Jane Austen's poor sight 'caused by arsenic'
Author Jane Austen was virtually blind at the end of her life possibly as a result of arsenic poisoning, experts have revealed.
Tests on three pairs of glasses held at the British Library showed the author's sight deteriorated considerably.
At the time, heavy metals like arsenic were used in medicines that Austen, who had rheumatism, may have taken.
Library experts have suggested such poisoning may also have contributed to her early death at the age of 41.
The novelist, who lived in Steventon, Hampshire, died on 18 July 1817 and the cause of her death has been the subject of much speculation.
The three pairs of glasses, kept in the Pride and Prejudice author's writing desk, were examined using a portable lens meter brought to the library to determine the strength of the lenses which, despite their age, remain in good condition.

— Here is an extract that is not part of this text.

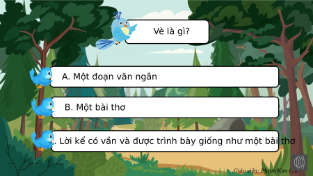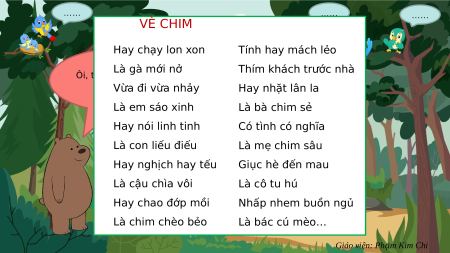 ậ (loài chim); có tinh th n ầ h p ợ tác trong làm vi c ệ nhóm. Fei e styFor o war a d r er e s_0 G 9 0i 68 6 á 1 8o 20 2 6 vi7 6 2 7 ên: Ph m ạ Kim Chi …… …… …… VÈ CHIM Hay chạy lon xon Tính hay mách lẻo À, đó là bài vè chim Cốc… Cố L c à …Cốc Chào mừng bạn gà mới nở Thím khách trước nhà Ôi, thích quá, thích của chúng tớ đấy. Wow, đây là đâu đến với xứ sở của quá. Cậu có muốn tìm mà đẹp th V ế ừ n a ày đi ? vừa nhảy các loà H i ch ay im nhặt lân la hiểu không? Là em sáo xinh Là bà chim sẻ Hay nói linh tinh Có tình có nghĩa Là con liếu điếu Là mẹ chim sâu Hay nghịch hay tếu Giục hè đến mau …… Là cậu chìa vôi Là cô tu hú Hay chao đớp mồi Nhấp nhem buồn ngủ Là chim chèo bẻo Là bác cú mèo… FeistyForwarders_0 G 9i68 á 1 o 206 vi72 ên: Ph m ạ Kim Chi Vè là gì? A. Một đoạn văn ngắn B. Một bài thơ

Tests showed they increased in strength from +1.75 in each eye from the first pair to +4.75 and +5.0 in the final pair - meaning she would have found it very difficult to see well enough to read or write by the time she died.
British Library curator Sandra Tuppen said: "There's the possibility of her being poisoned accidentally with a heavy metal such as arsenic. We know now that arsenic poisoning can cause cataracts.
"Arsenic was often put into medication for other types of illness, potentially for rheumatism, which we know Jane Austen suffered from."
It is not known whether the glasses, made of real tortoiseshell and glass, were prescribed for Austen or she bought them herself.
The British Library is inviting optometrists to offer their opinions on the new theory.